• **MATERIAL PROVIDED**:

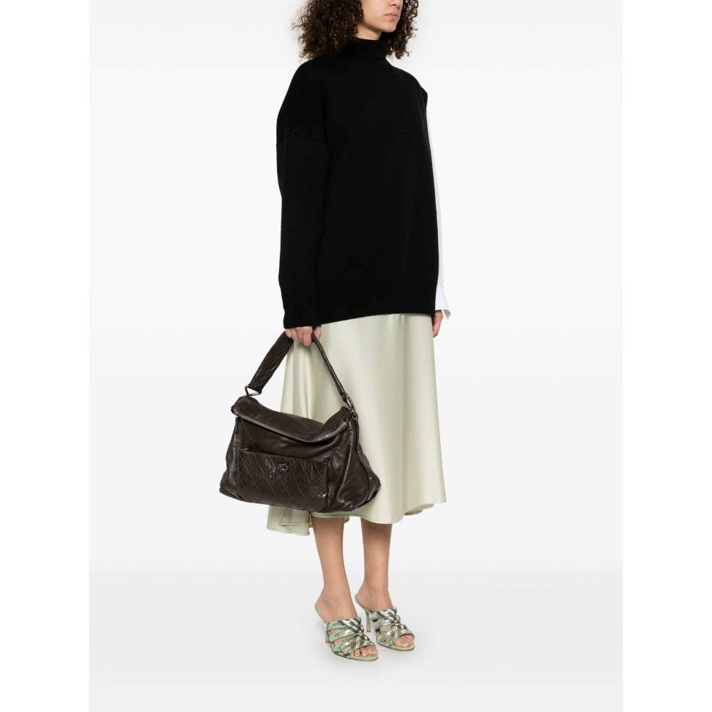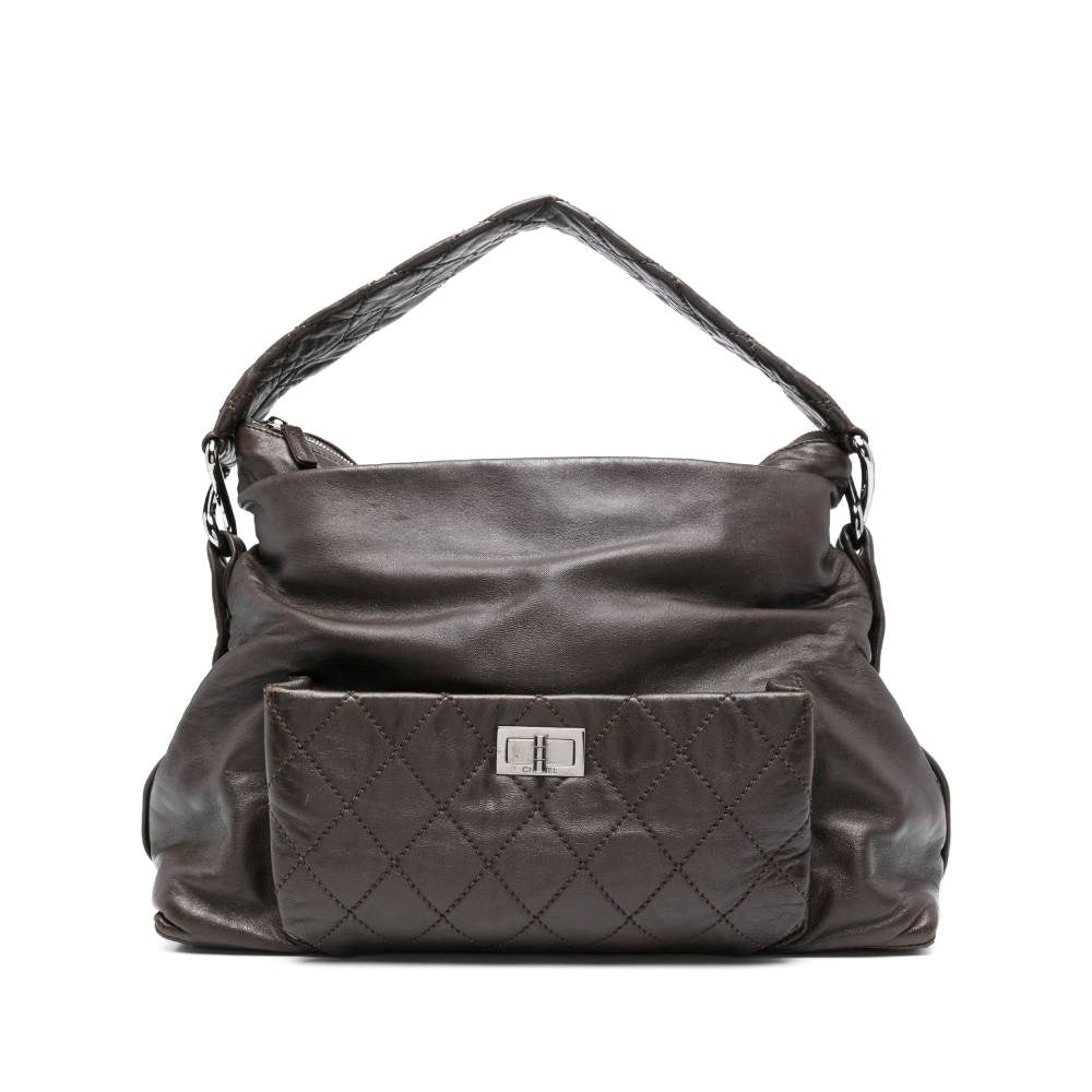 Chanel brown leather 2000s shoulder bag. Handle and front pocket in quilted leather. Front patch pocket with silver metal logo closure. Upper zip closure. Two main internal compartments and a central zip pocket. Card authenticity. - Year: 2006-2008 - Serial code: 11451487
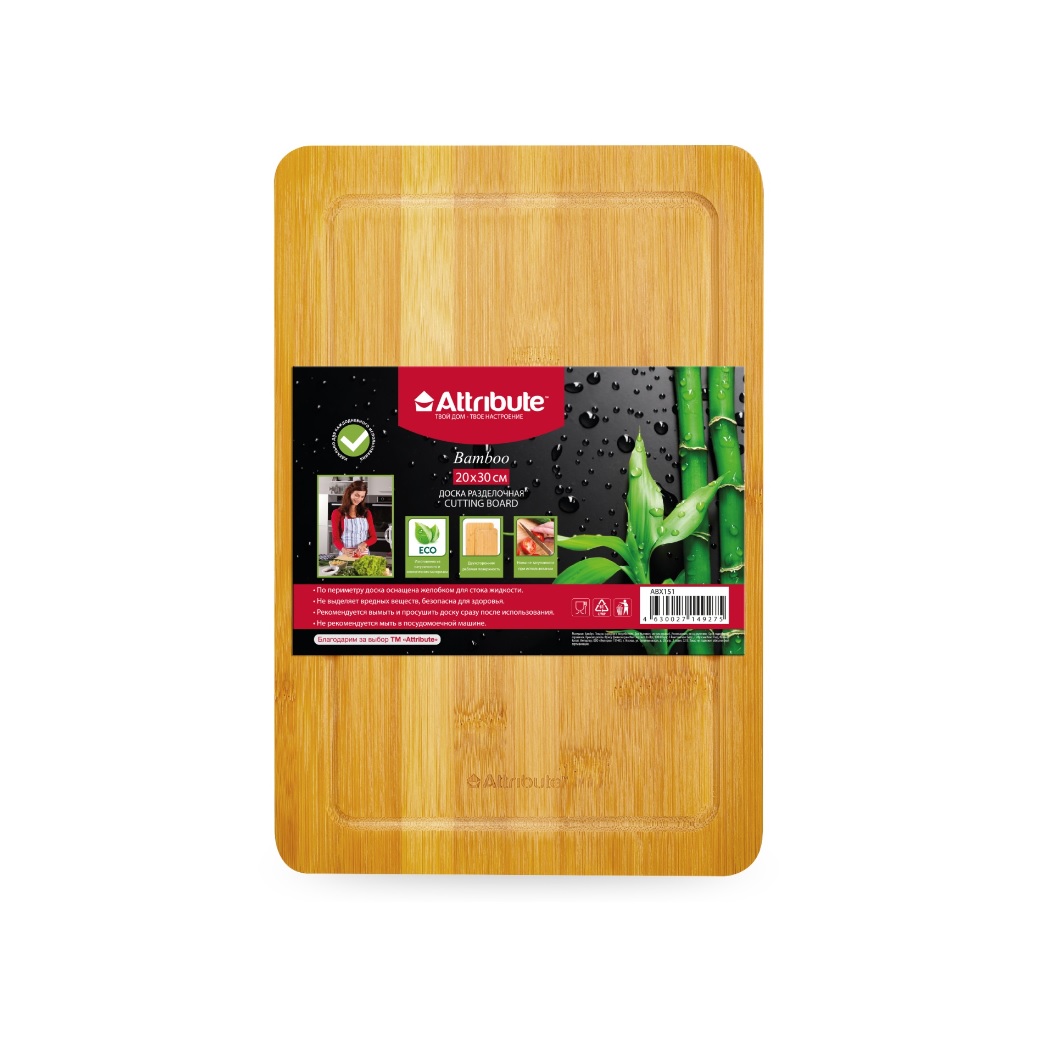 Доска разделочная BAMBOO 20х30х1 см станет не только надежным помощником в резке продуктов, но и стильным украшением кухни. Разделояная доска изготовлена из натурального бамбука. По краям доски для резки продуктов имеются канавки для жидкостей, чтобы сок от овощей и мяса не попадал на стол. Доска разделочная подходит для красивой сервировки жареного мяса, овощей и прочих блюд. Рекомендуется после каждого использования сразу протирать доску насухо. Не замачивать в воде. Не сушить около отопительных приборов и рядом с плитой. Хранить вертикально или в подвешенном состоянии.
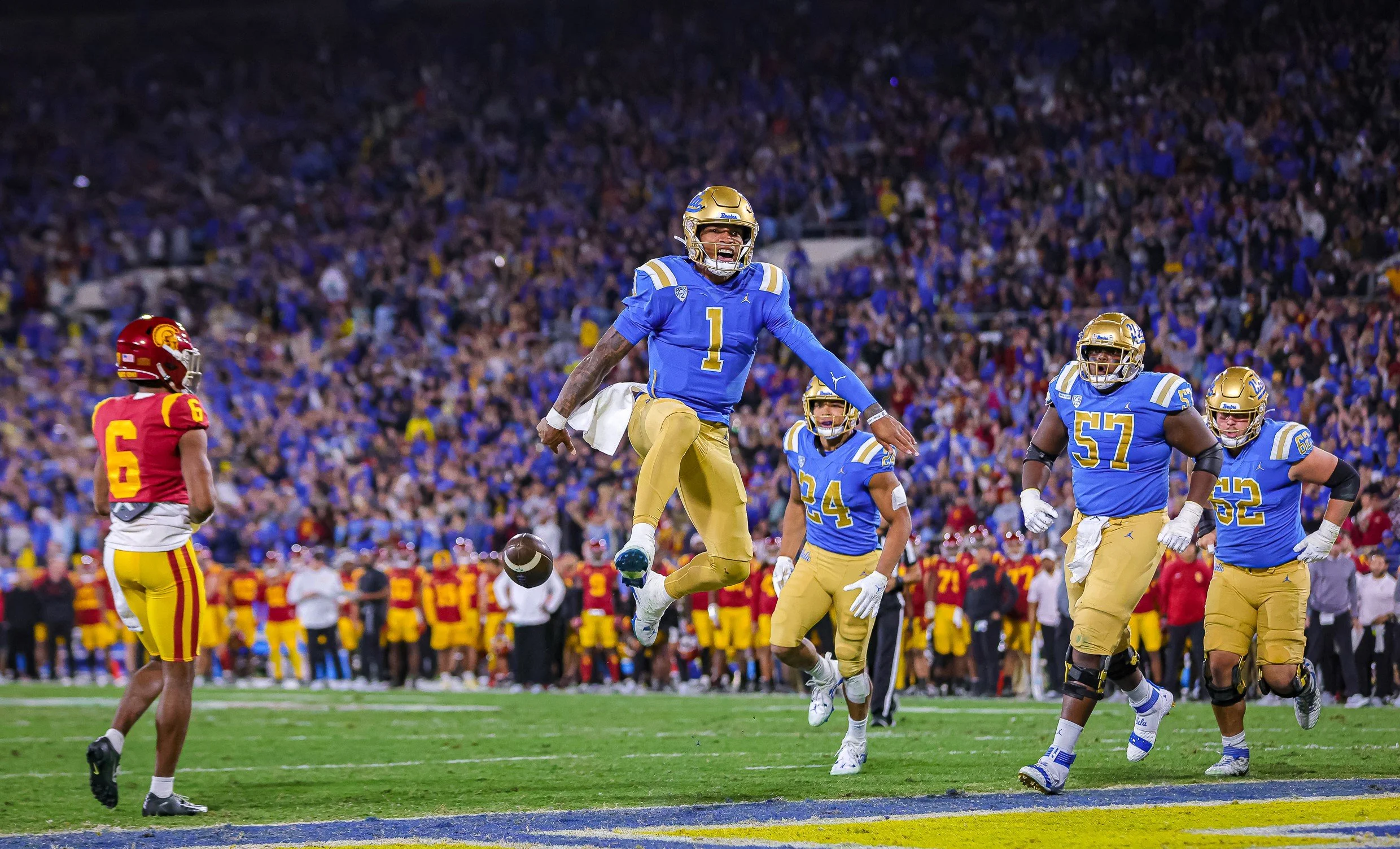 UCLA Bruins #1 Dorian Thompson-Robinson 1-yard touchdown run against the USC Trojans. Photo by Jerry Kelly/TGSportstv1.

• **INSTRUCTIONS FOR THE TASK**: Emit the lines of the data above from the one containing "Доска разделочная BAMBOO" through its final line, both endpoints included. Pictures do not belong in the output.

• **SOLUTION TO THIS EXERCISE**:
 Доска разделочная BAMBOO 20х30х1 см станет не только надежным помощником в резке продуктов, но и стильным украшением кухни. Разделояная доска изготовлена из натурального бамбука. По краям доски для резки продуктов имеются канавки для жидкостей, чтобы сок от овощей и мяса не попадал на стол. Доска разделочная подходит для красивой сервировки жареного мяса, овощей и прочих блюд. Рекомендуется после каждого использования сразу протирать доску насухо. Не замачивать в воде. Не сушить около отопительных приборов и рядом с плитой. Хранить вертикально или в подвешенном состоянии.
 UCLA Bruins #1 Dorian Thompson-Robinson 1-yard touchdown run against the USC Trojans. Photo by Jerry Kelly/TGSportstv1.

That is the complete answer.